The extra metal on the rear end of the 4.2 liter head is easiest to see with the two heads side-by-side. This extra bulge is practically unnoticeable from the top, since it only flares out from the back face of the head about an inch from the base of the head. I don’t know exactly where the coolant goes within the head itself, especially since the internals of the castings are both quite airy — filled with voids at least. The two extra coolant holes that the extra metal allows must have served the coolant needs of the head itself, however. The holes are actually quite well removed from the cylinders in the block, and I have assumed that the flow from these extra holes would have be down from the head, probably originating from areas nearer the cams than the valves.
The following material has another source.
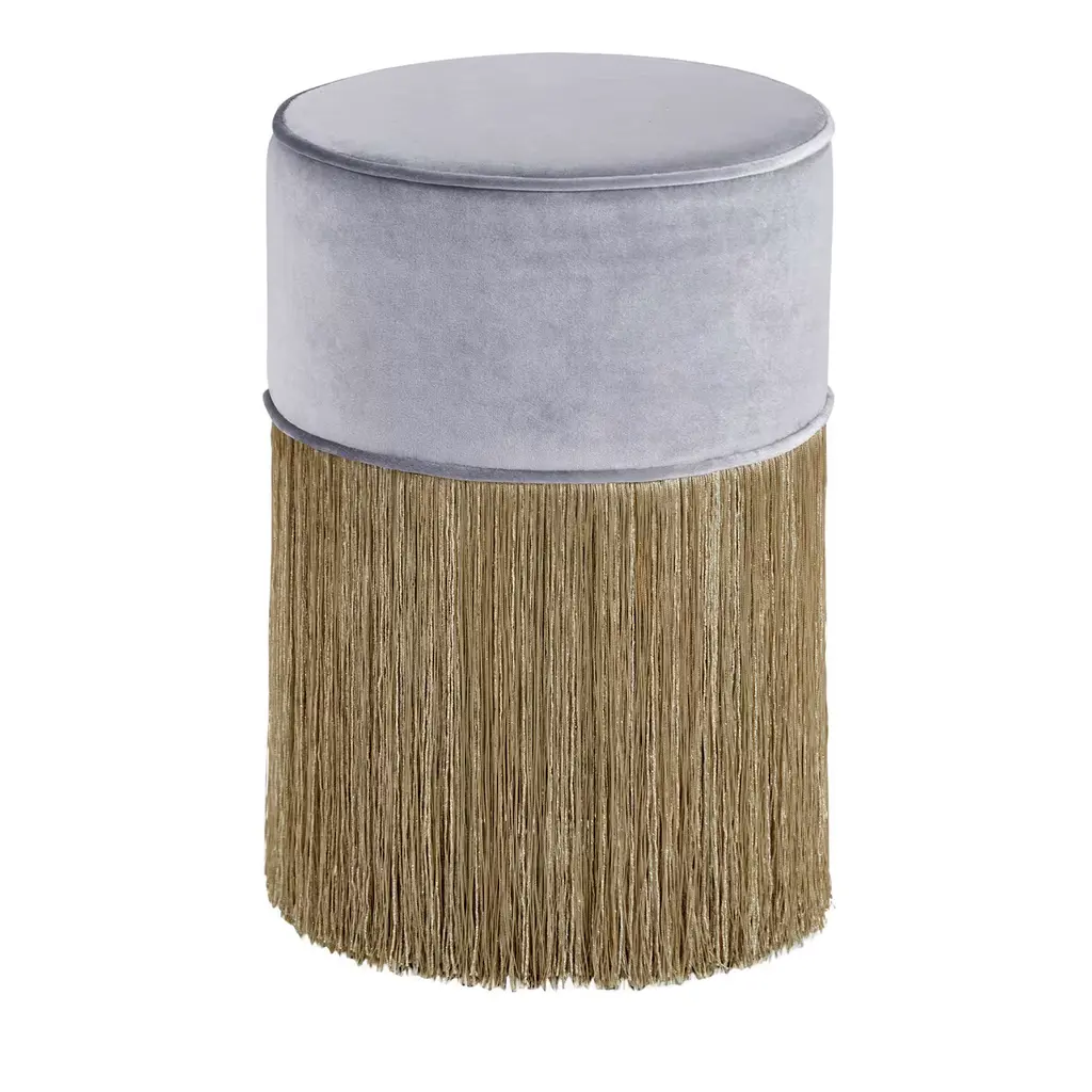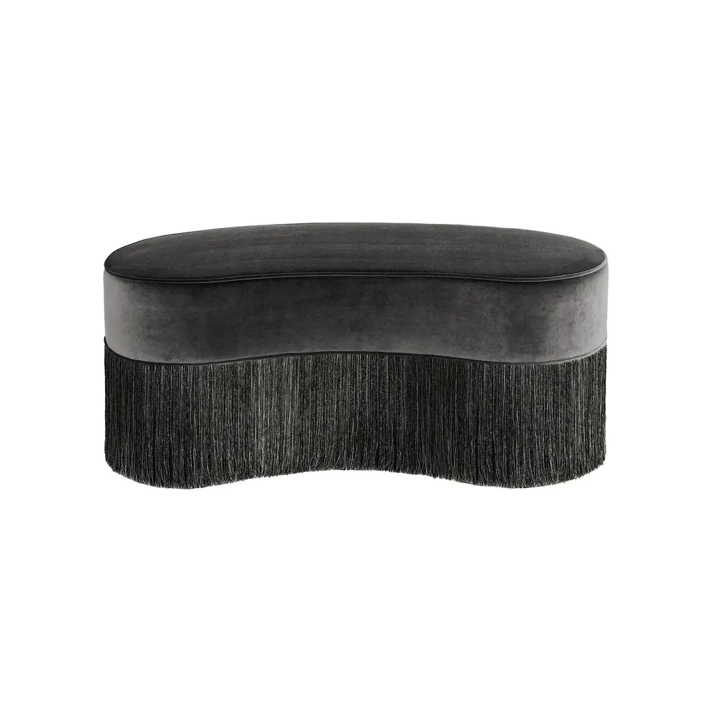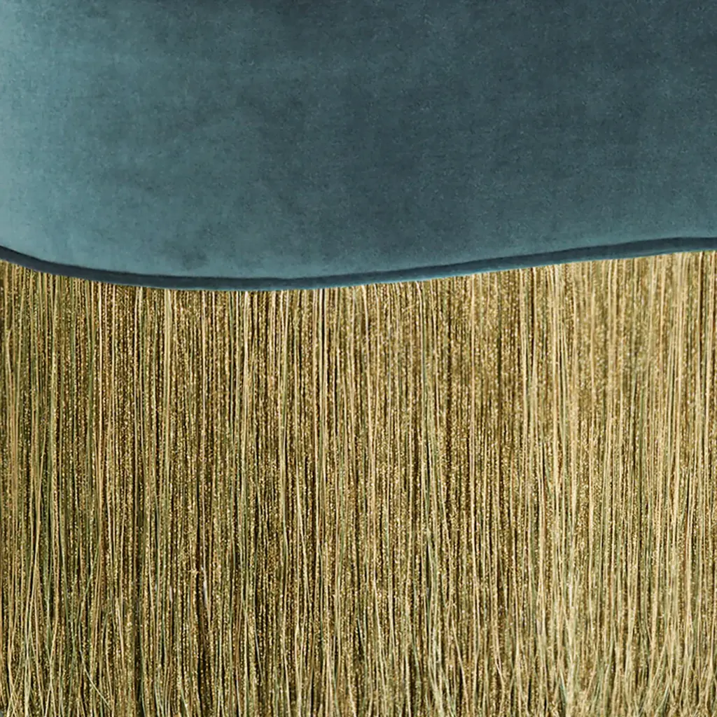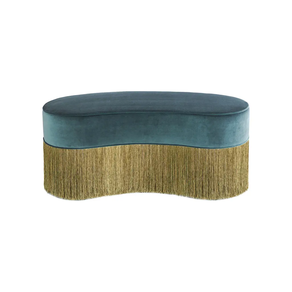 The Sparkle Bean Bench from Lorenza Bozzoli is a striking fusion of 1920s glamour and modern geometry. Its bean-shaped silhouette is upholstered in luxurious green-blue velvet, accented with shimmering green and gold lurex fringe that enhances its voluptuous form. Crafted on a solid beechwood frame, this ottoman serves as both a functional seat and a glamorous statement piece, perfect for elevating sophisticated interiors. Highlights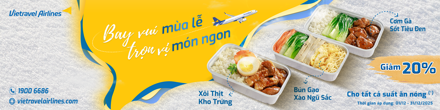 Vietravel Airlines hân hạnh mang đến chương trình Bay vui mùa lễ, trọn vị món ngon, ưu đãi giảm 20% cho tất cả suất ăn nóng đặt trước trên website trong suốt tháng 12. Đây là cơ hội để hành khách thưởng thức những bữa ăn nóng hổi, thơm ngon với mức giá tiết kiệm, đồng thời nâng cao trải nghiệm bay trong mùa lễ hội rộn ràng. Đặt trước ngay để tận hưởng hành trình trọn vẹn và đậm hương vị yêu thương cùng Vietravel Airlines!

You can see one challenge in the new head — it doesn’t have holes for the bolts attaching the tach generator or serving to block off the end of the cam area. On the XJ6, the lower semicircular void was fit with a rubber plug, and the value covers lacked any semicircular cutout. If I refit the tach generator, it would probably be merely ornament in any case, since the cam end won’t drive the generator, I believe. I might drill and tap the holes, though. I don’t know if I want to put up with a make-do plug.

E-type 3.8 liter head, rear view. No extra metal here. The head ends straight off the back. Note the threaded holes to fit the tachometer generator (right side) and the hole cover (left side). The area around the cams are more subtly cast than in the 4.2 liter head.

I have an intake head gasket from the 3.8 — it looks to me pretty much the original, since it’s as thin as could be. And I have a new head gasket for the 4.2. I have yet to compare them, except in the most cursory fashion. The new gasket is considerably thicker, with metal rings fitting the holes for the bores. I thought about asking Ray Livingston for his special spreadsheet to determine actual displacement, but I wonder if it would apply on this engine. This one has 8:1 pistons, I’m almost relieved to say. Even with some shave off the head, the compression shouldn’t exceed 9:1, and least by much, and I’ll be running premium gas anyway.

Aaron got the upper end and bottom end gasket sets for me, and when I can retrieve a few tools from neighbors, I’ll be setting things back to rights. Terry’s Jaguar Parts is sending the last bits (as far as I know) and a cam setting tool. So, we’ll soon be good to go.

I’m hoping that the next entry will do the same job on the block and its accessories. I have learned that some 3.8 E-type elements will need to be refitted on the engine, and the oil filter fitting that I was happy to see on the new engine might actually prove to be a bit of a challenge.